The process (1) corresponds to the data interpretation by the automatic structuring in FIG. 17, the process (2) corresponds to the extraction of information in a language format (language expression) based on the interpretation result, and the process (3) corresponds to integration of information by the conversion of the graph. In addition, the first embodiment is an example including the processes (1) and (2), while the second embodiment includes the processes (1) through (3).


5.2.1. (1) Data Interpretation Process

The data interpretation process was described under “4.2.0”.

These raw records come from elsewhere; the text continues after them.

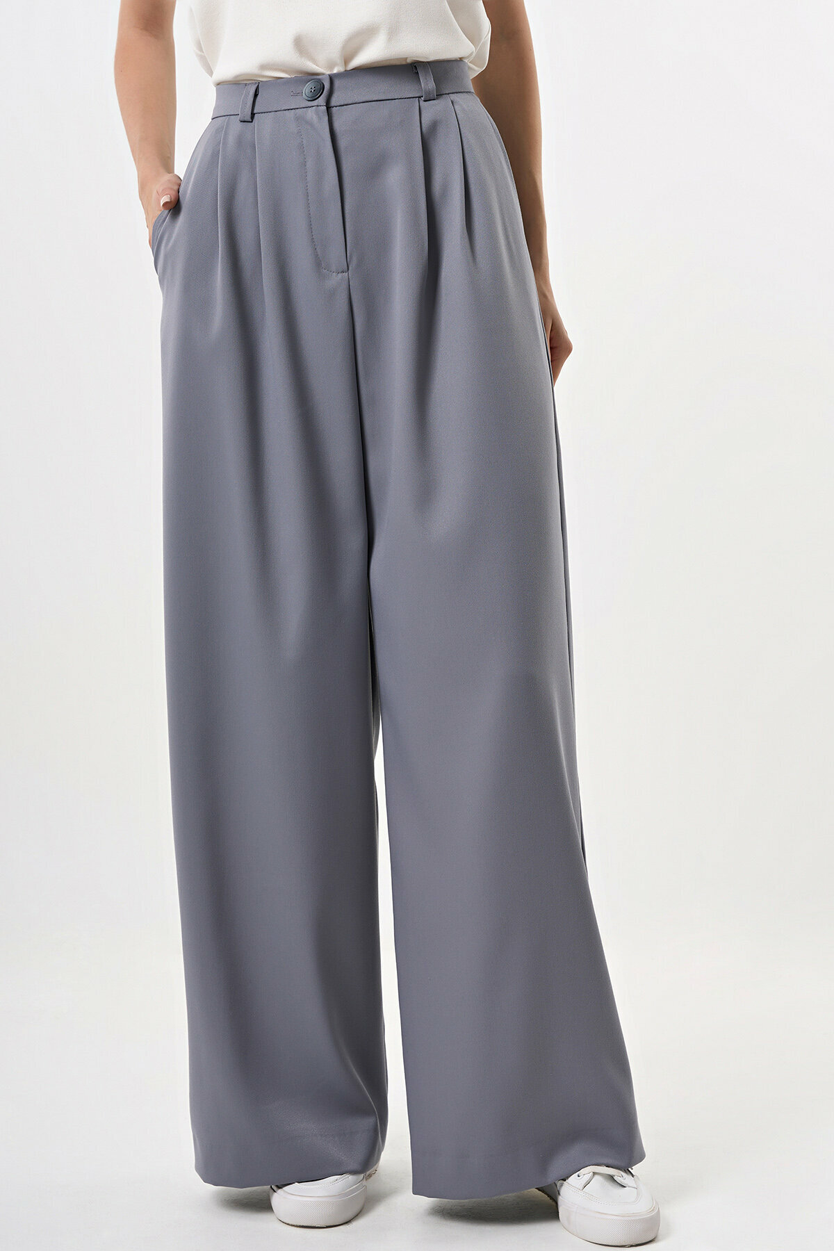 Брюки палаццо FLY серые с завышенной талией, размер 42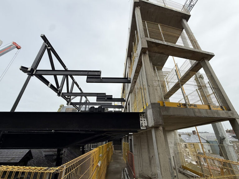The next stage will see the steel structure assembled for the plant room that will provide all the essential services for the Old College.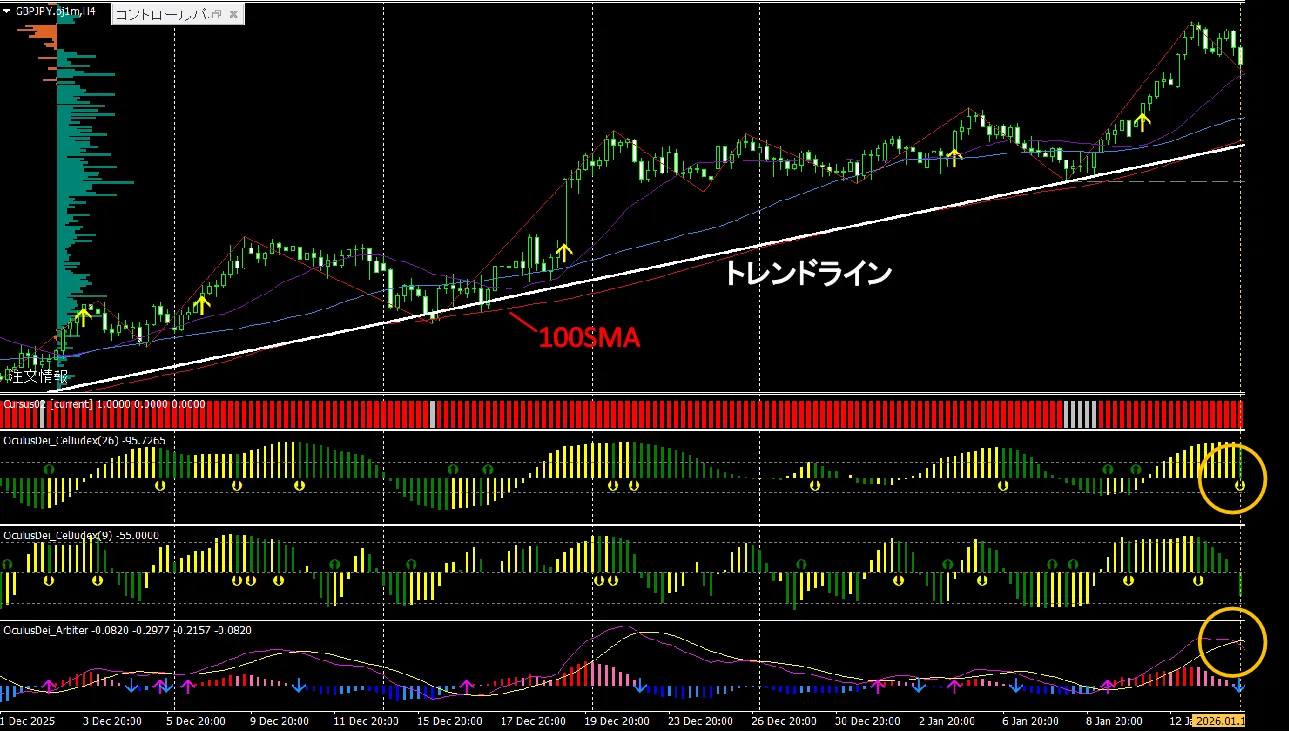 4時間足のCelJudex(26)の売りサイン、またはArbiterのデッドクロスを相場環境の目安とし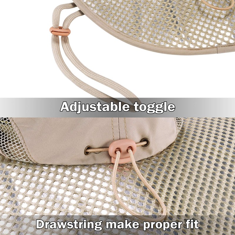- COMFORTABLE & BREATHABLE - Adjustable chin drawstring holds sun hat in place even on windy days. Breathable fabric with mesh panelling on both sides let the breeze through very well, built-in moisture wicking sweatband keep your head cool and comfortable in hot summer.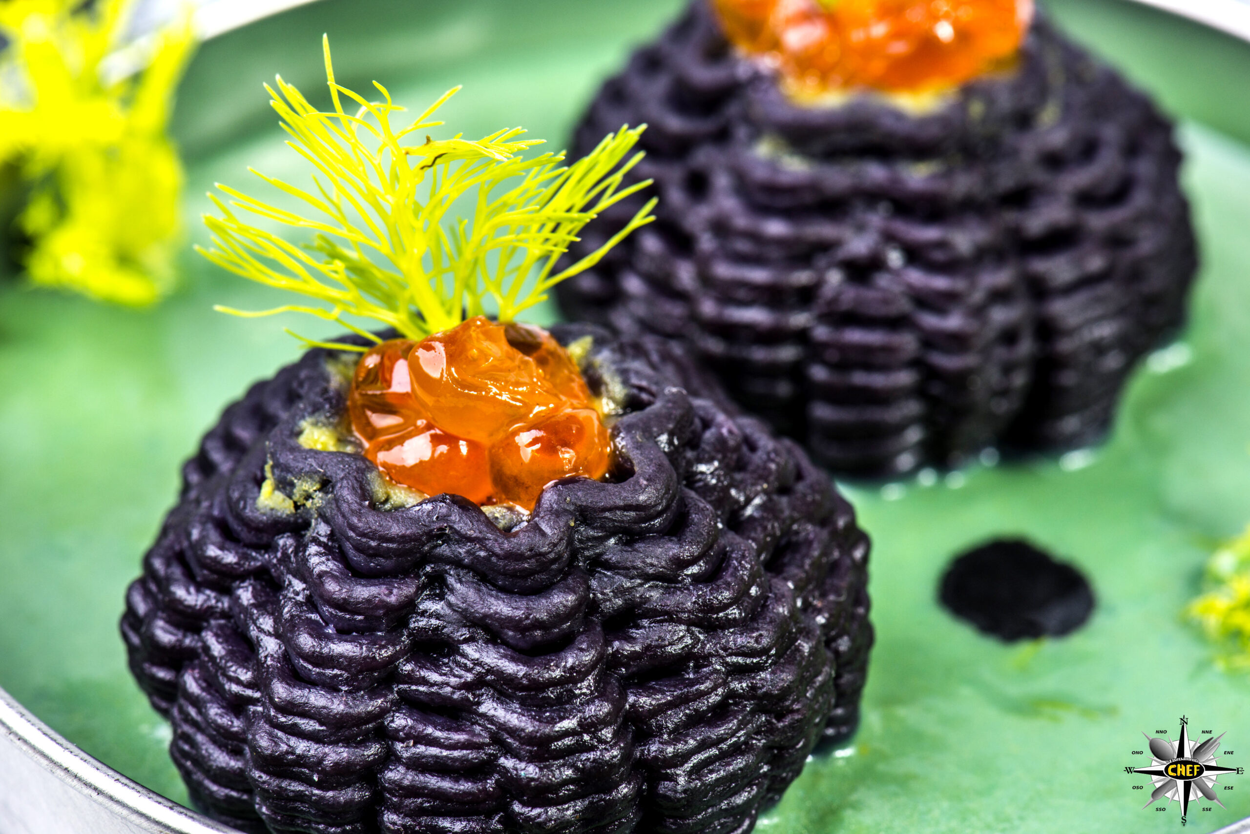 Adagiare due pezzi di pasta Sea Urchin assieme ai germogli di finocchietto selvatico e una goccia di nero di seppia.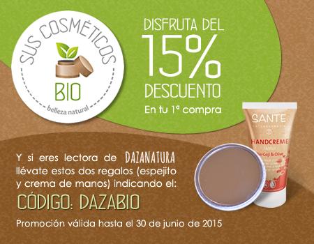 Para las lectoras de Dazanatura tenéis este descuentazo en la primera compra y un espejito y una crema de manos de regalo, con el código DAZABIO al hacer vuestro pedido online.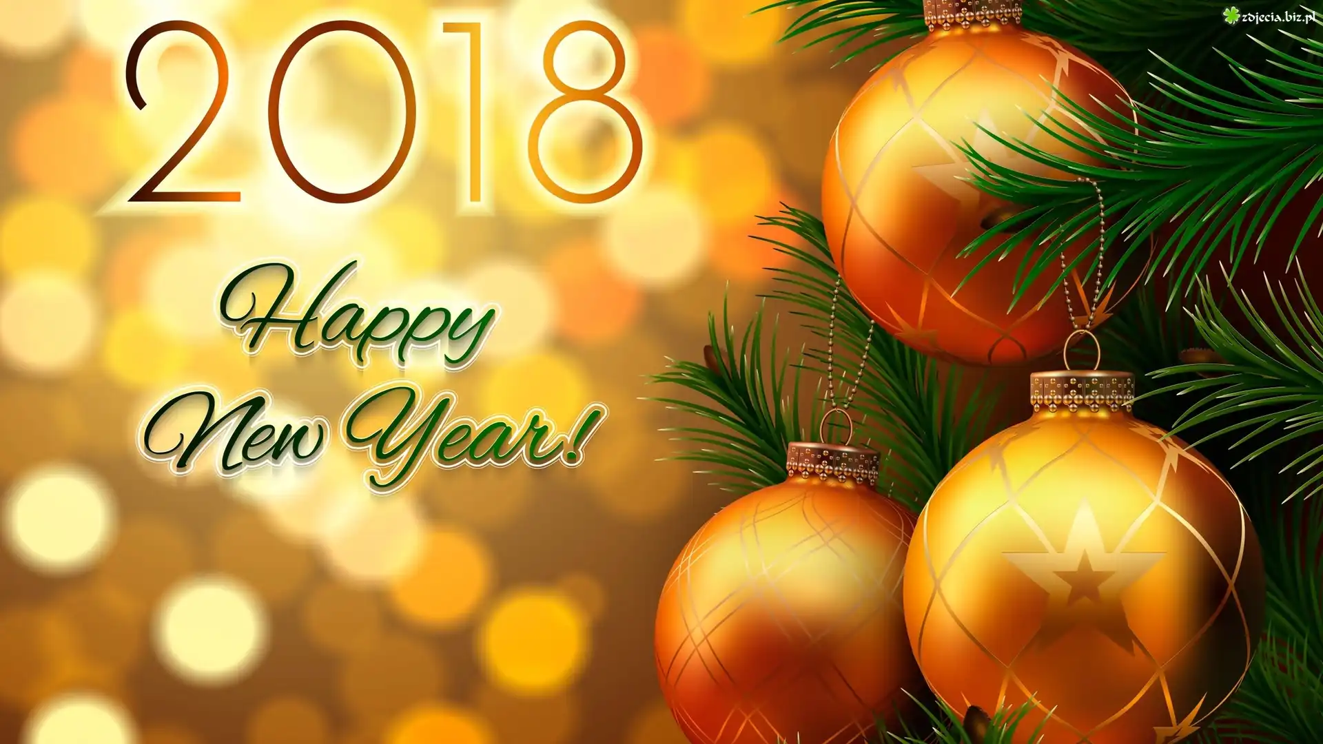 Zdjęcie Sylwester, Nowy Rok, 2018, Happy New Year, Choinka, Bombki, Bokeh

5.2.2. (2) Information Extraction Process

The process extracts information in the language format similar to the natural language, from the graph obtained as the interpretation result of the plurality of input data including the drawing. For example, an actual target expressed by the drawing is identified from the internal data of the object forming the graph and the structure of the graph, and the language expression is collected as a description of the target. For example, the following language expression is extracted as a language expression having a subject for identifying an object, and a predicate representing the properties of the object.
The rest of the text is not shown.